Listed records -
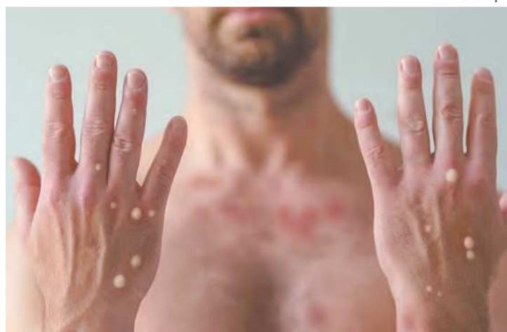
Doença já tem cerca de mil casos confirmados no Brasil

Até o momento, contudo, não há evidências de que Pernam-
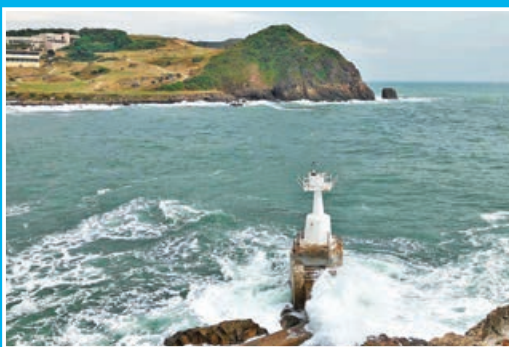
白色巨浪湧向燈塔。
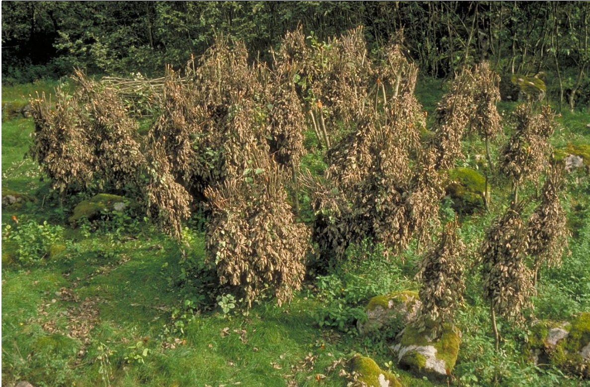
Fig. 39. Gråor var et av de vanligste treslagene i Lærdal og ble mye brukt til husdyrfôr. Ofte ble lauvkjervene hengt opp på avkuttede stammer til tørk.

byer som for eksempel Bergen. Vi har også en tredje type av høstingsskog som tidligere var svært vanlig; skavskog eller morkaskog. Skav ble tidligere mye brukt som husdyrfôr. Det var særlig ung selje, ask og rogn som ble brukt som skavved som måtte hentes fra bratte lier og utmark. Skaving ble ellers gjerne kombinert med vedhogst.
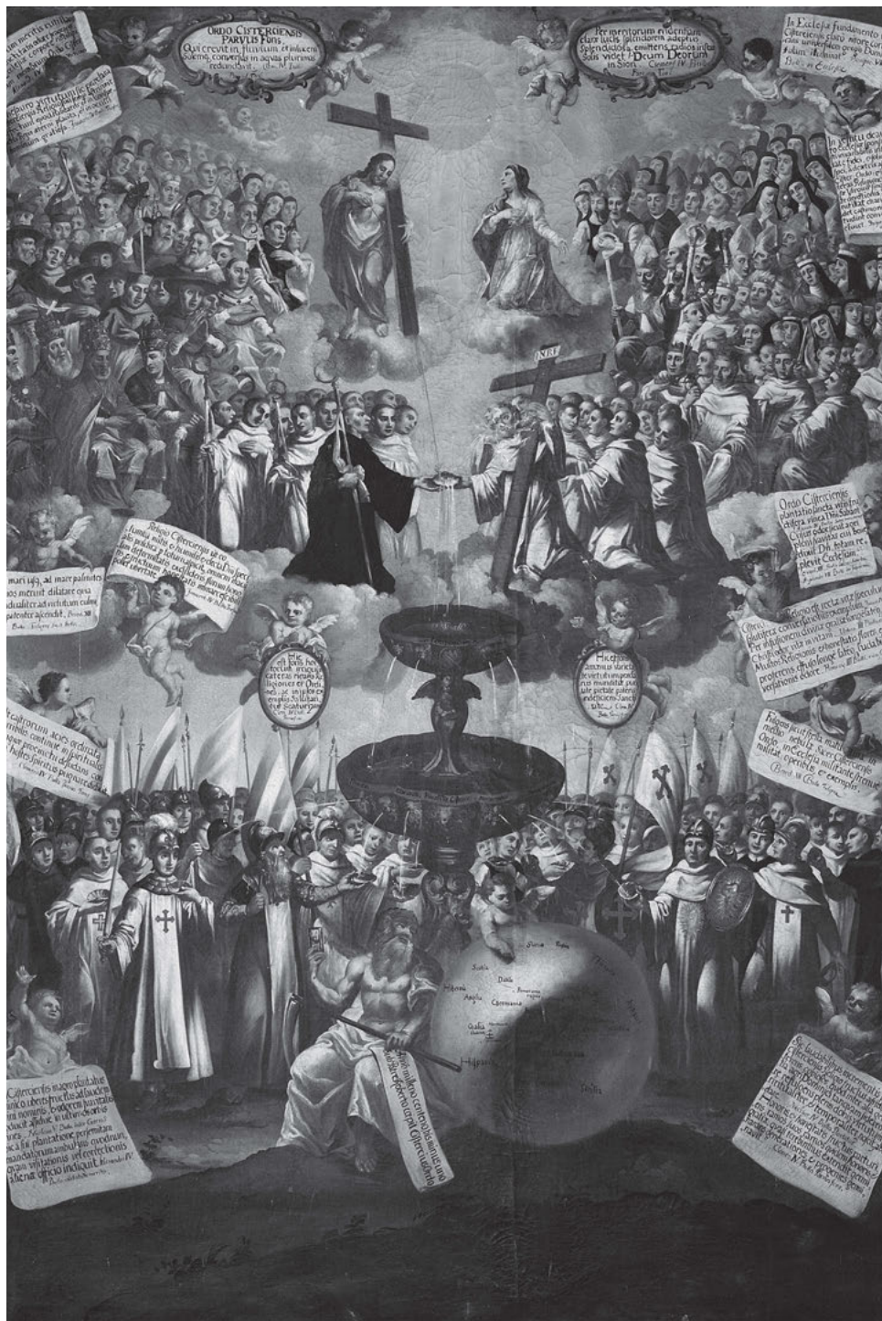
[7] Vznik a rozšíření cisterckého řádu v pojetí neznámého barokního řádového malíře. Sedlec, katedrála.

What the task asks - Pictures must be left out of the answer, which should be exactly the lines from the one holding "byer som for" through the last line of the entries above, both included; please add nothing.

The completed task -
byer som for eksempel Bergen. Vi har også en tredje type av høstingsskog som tidligere var svært vanlig; skavskog eller morkaskog. Skav ble tidligere mye brukt som husdyrfôr. Det var særlig ung selje, ask og rogn som ble brukt som skavved som måtte hentes fra bratte lier og utmark. Skaving ble ellers gjerne kombinert med vedhogst.
[7] Vznik a rozšíření cisterckého řádu v pojetí neznámého barokního řádového malíře. Sedlec, katedrála.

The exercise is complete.